Fair enough, I think that works.

> > > Once a domain is created and attached to a group the aperture should
> > > be immutable.
> > 
> > I realize that's the model right now, but is there a strong rationale
> > for that immutability?
> 
> I have a strong preference that iommu_domains have immutable
> properties once they are created just for overall sanity. Otherwise
> everything becomes a racy mess.
> 
> If the iommu_domain changes dynamically then things using the aperture
> data get all broken - it is complicated to fix. So it would need a big
> reason to do it, I think.

Ok, that makes sense.  I'm pretty ok with the iommu_domain having
static apertures.  We can't optimally implement ddw that way, but I
think we can do it well enough by creating new domains and copying the
mappings, as you suggested.

> > Come to that, IIUC that's true for the iommu_domain at the lower
> > level, but not for the IOAS at a higher level.  You've stated that's
> > *not* immutable, since it can shrink as new devices are added to the
> > IOAS.  So I guess in that case the IOAS must be mapped by multiple
> > iommu_domains?
> 
> Yes, thats right. The IOAS is expressly mutable because it its on
> multiple domains and multiple groups each of which contribute to the
> aperture. The IOAS aperture is the narrowest of everything, and we
> have semi-reasonable semantics here.
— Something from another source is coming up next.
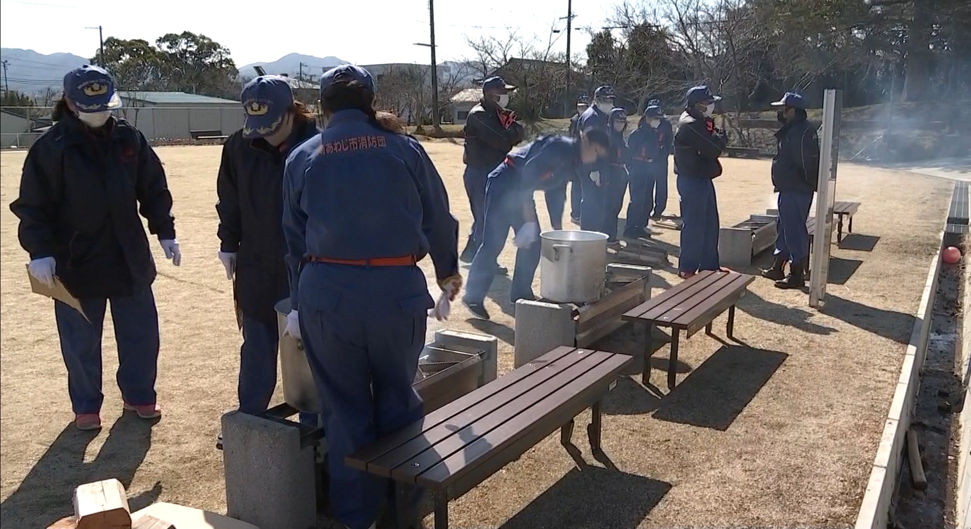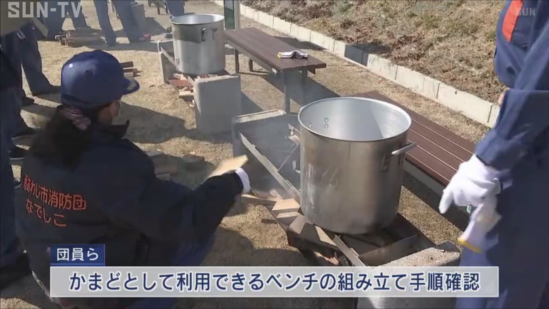 兵庫県南あわじ市では、災害ベンチを活用し、女性消防団員が炊き出しの訓練を行いました。

Here we have all the special code
> to juggle this, but even in this case we can't handle an iommu_domain
> or group changing asynchronously.

Ok.

So at the IOAS level, the apertures are already dynamic.  Arguably the
main point of my proposal is that it makes any changes in IOAS
apertures explicit, rather than implicit.  Typically userspace
wouldn't need to rely on the aperture information from a query,
because they know it will never shrink below the parameters they
specified.

Another approach would be to give the required apertures / pagesizes
in the initial creation of the domain/IOAS.  In that case they would
be static for the IOAS, as well as the underlying iommu_domains: any
ATTACH which would be incompatible would fail.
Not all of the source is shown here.